As usual, the Baltimore Ravens have been getting high marks for their 2022 NFL Draft picks. In truth, the Ravens have done extraordinarily well in the draft since the former Cleveland franchise moved to Baltimore for the 1996 season.
Hall of Famers Ray Lewis, Jonathan Ogden and Ed Reed were among the team’s first-round picks in the first seven drafts. Also along the way, there has been a slew of Pro Bowlers in the first round, such as Todd Heap, Terrell Suggs and Haloti Ngata, plus Super Bowl MVP Joe Flacco and current QB Lamar Jackson, to name a few.
The 2022 class is being viewed as another success for the front office and coaching staff as the Ravens grabbed Notre Dame safety Kyle Hamilton as the acknowledged best-player-available at No. 14 overall and then, at No. 25, took a long-term answer at center in Iowa’s Tyler Linderbaum.
Maryland sports betting is legal, but only at retail sites in the state. Mobile sports betting could be up and running during the 2022 NFL season, but at the current pace it seems unlikely.
Though the Ravens were perceived to have crushed the draft again, they are not among the Super Bowl favorites from the AFC in NFL betting.
Ravens’ Jackpot Picks at DB
Baltimore’s first-round track record with defensive back selections is sterling starting with nine-time Pro Bowl safety and Canton inductee Ed Reed (2002) at the top of the list. Other first-round DBs with Pro Bowl pedigree have been Chris McAlister (1999) and more recently, Marlon Humphrey (2017).
Hamilton’s strength will be his versatility. He can play free safety, strong safety or, at 6 feet 4 and 220 pounds, in the box. He’s a defensive Swiss Army knife.
Linderbaum is the first center the Ravens have taken in the first round. However, the team’s record with early-round offensive linemen is solid starting with Ogden and continuing through Marshall Yanda, Ben Grubbs and Ronnie Stanley (when healthy).
Who the Ravens Picked in the 2022 NFL Draft
- Round 1 (14th overall): Kyle Hamilton (Notre Dame safety)
- Round 1 (25th overall): Tyler Linderbaum (Iowa center)
- Round 2 (45th overall): David Ojabo (Michigan outside linebacker)
- Round 3 (76thth overall): Travis Jones (Connecticut DT)
- Round 4 (110th overall): Daniel Faalele (Minnesota OT)
- Round 4 (119th overall): Jalyn Armour-Davis (Alabama CB)
- Round 4 (128th overall): Charlie Kolar (Iowa State TE)
- Round 4 (130th overall): Jordan Stout (Penn State punter)

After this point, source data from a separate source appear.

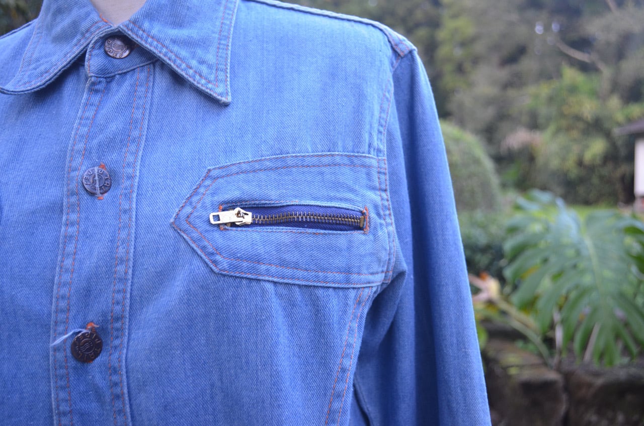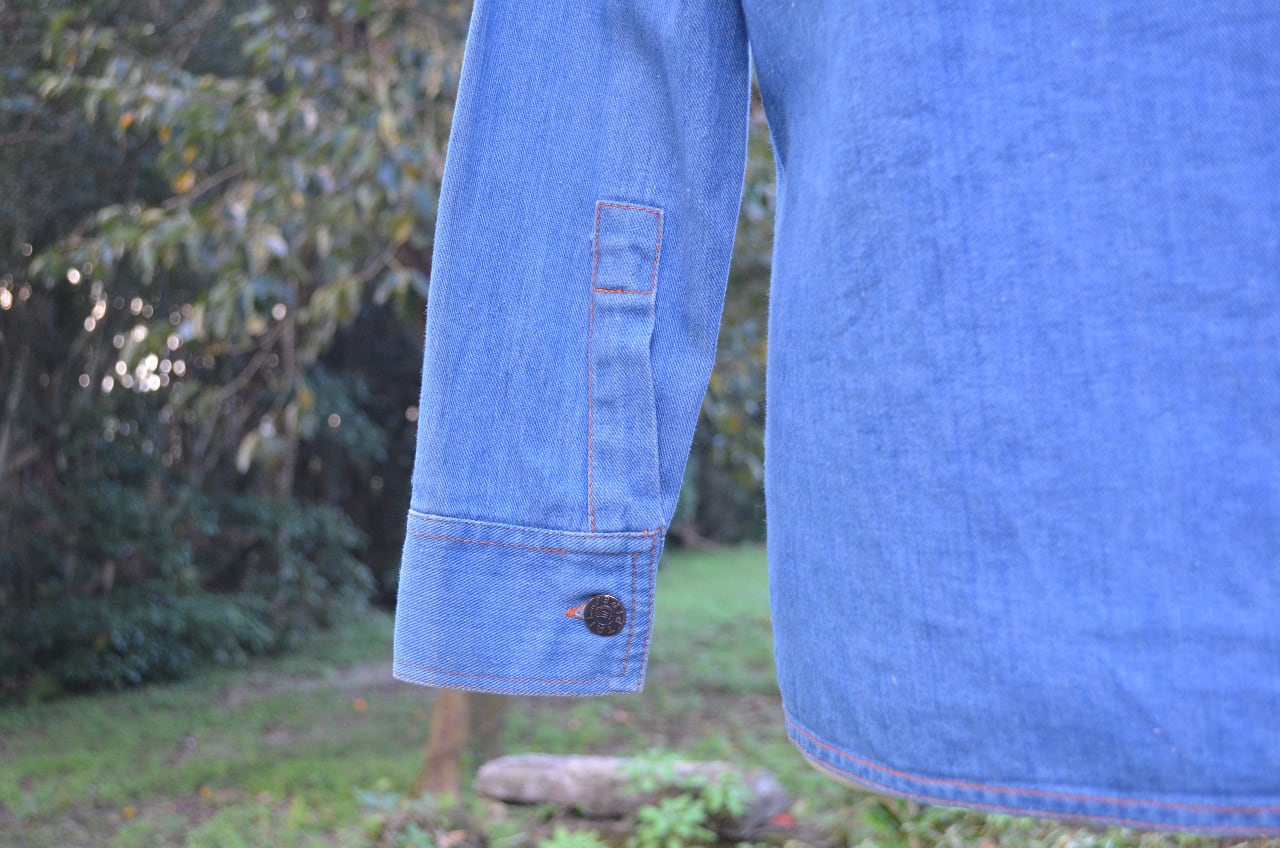 ライトオンスの淡いブルーデニムにオレンジのステッチ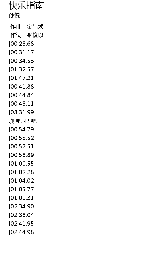 | [02:03.98][01:32.57][01:26.22][00:38.27] | 别让那快乐走了 噢 吧 吧 吧 |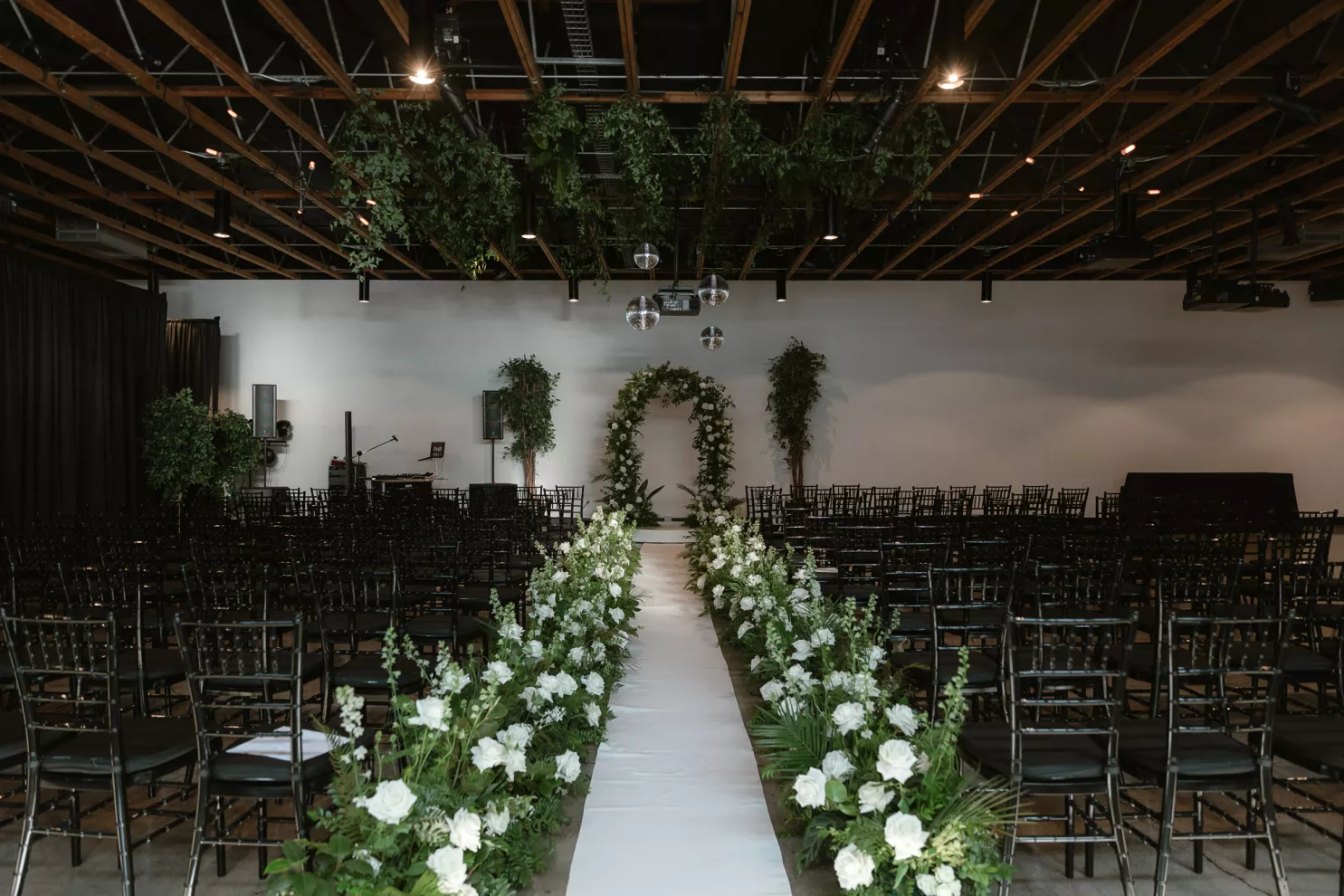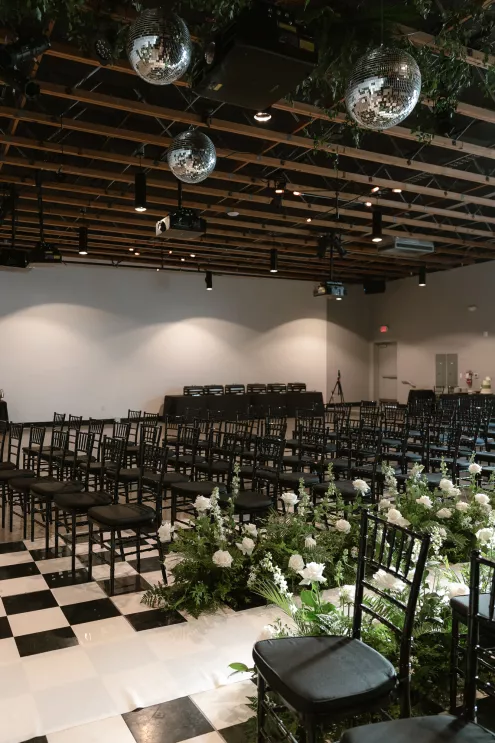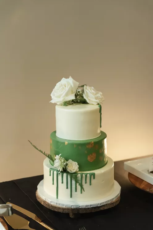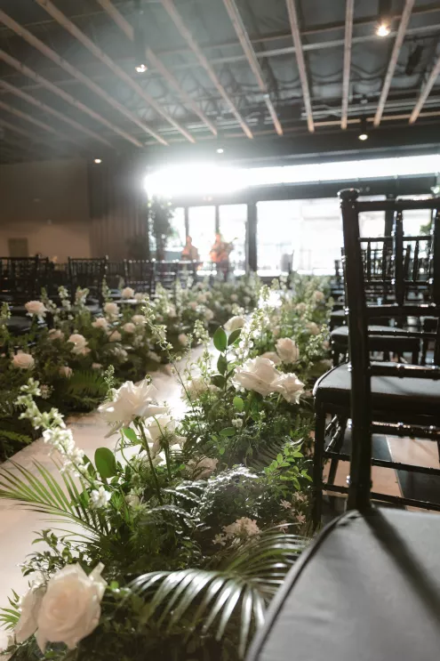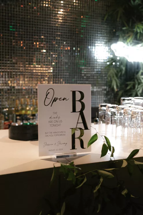 The following day, a sophisticated palette of black, sage green, forest green, gold, champagne and stone created a garden oasis in the middle of the city. The enchanting décor included ferns, towering bamboo and Ficus trees, disco balls and lounge seating. Guests were encouraged to walk around and try different types of foods that represented the places Jessica and Jeremy had travelled to at different staffed buffet stations, providing a unique and playful dinner experience. Their evening of revelry had everyone dancing into early hours of the next day which was celebrated with a special cake and toast to the bride on her birthday.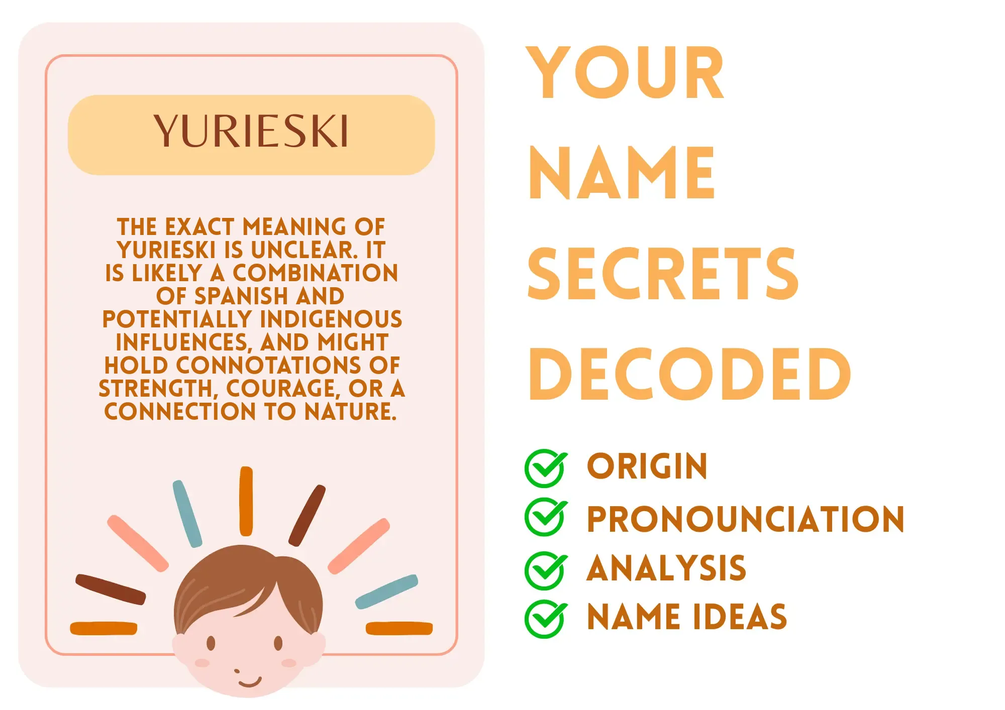Yurieski is a masculine name, though it could be used for girls as well, though less common. It is a name that stands out, reflecting a sense of individuality and heritage. While it might be unfamiliar to some, its distinct sound and potential connection to Cuban culture could make it a memorable and meaningful choice.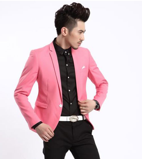 男生粉紅色西服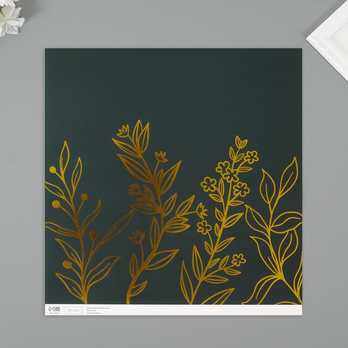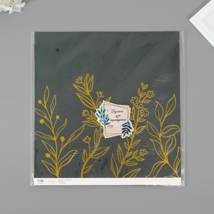Бумага для скрапбукинга крафт "Изящные веточки" плотность 180 гр набор 5 шт 30,5х32 см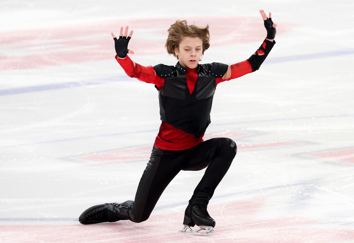 Михаил Тихонов. Тренер Светлана Соколовская. 2А - чисто. Флип - чисто. Каскад - чисто. Неинтересно уже смотреть на выступления фигуристов, у которых нет тройного акселя. Хочется борьбы. А её здесь нет.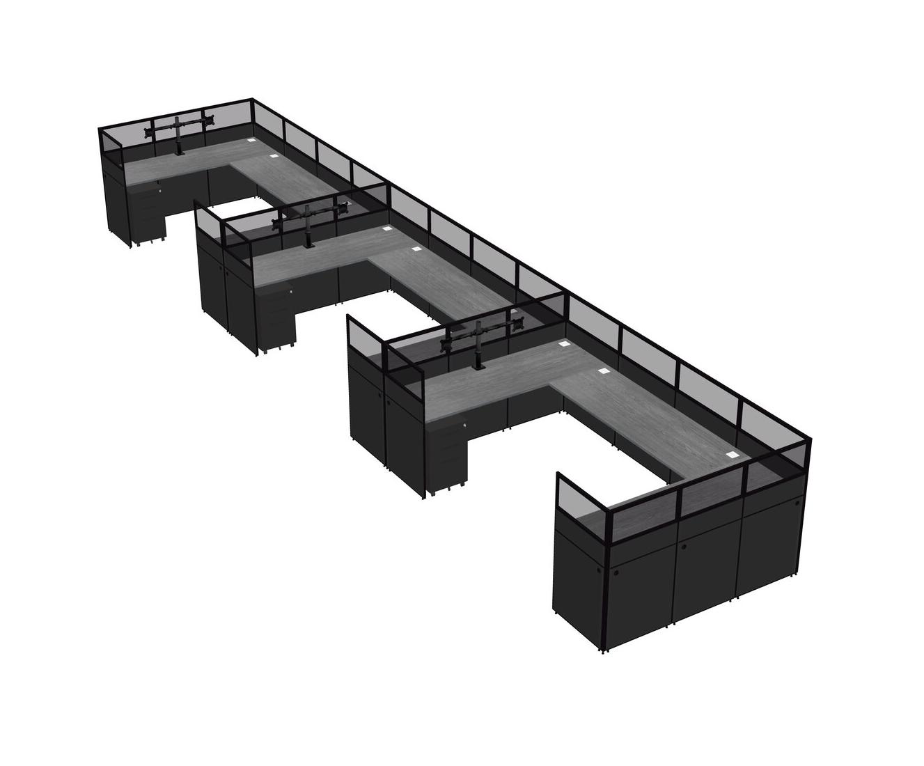 Système De Panneaux En U Gris Pour 3 Personnes + Bras D'écran (bras Doubles) + Tiroirs Mobiles En Métal Pour 3 Utilisateur(s)

- Round 4 (139th overall): Isaiah Likely (Coastal Carolina TE)
- Round 4 (141st overall): Damarion Williams (Houston CB)
- Round 6 (196th overall): Tyler Badie (Missouri RB)
The Ravens had nine more picks in Rounds 2 through 6 with an astonishing six selections in the fourth round.
In taking a punter in Round 4, the Ravens may be parting ways with 39-year old veteran Sam Koch who has played in 276 regular and postseason games for Baltimore and, interestingly, is 7-for-8 passing.
Skill position players were not a priority. The Ravens took two tight ends in Round 4 (Kolar and Likely) and a running back (Badie) in Round 6. And they traded WR Marquise “Hollywood” Brown to Arizona for picks.
Ravens Super Bowl Prospects Slim
Ravens Odds Got Longer After Draft
The Ravens are +2200 to win the Super Bowl and +225 to win the AFC North, according to DraftKings Sportsbook odds. Baltimore’s opening odds on DraftKings was +1800 but have been getting longer since then. For what it’s worth, Arizona, on the other side of the Hollywood Brown trade, has stayed at +2500.
The Ravens direction on offense is set. It features Jackson at quarterback and a supporting cast of running backs who can help control the ball and enough pass catchers to move the chains. The NFL is an even tougher grind now with 17 regular-season games and for the Ravens’ philosophy of next-man-up when injuries strike, they need enough “next men” to plug in. The 11-player haul in the draft helps with the attrition that the NFL inflicts on all teams.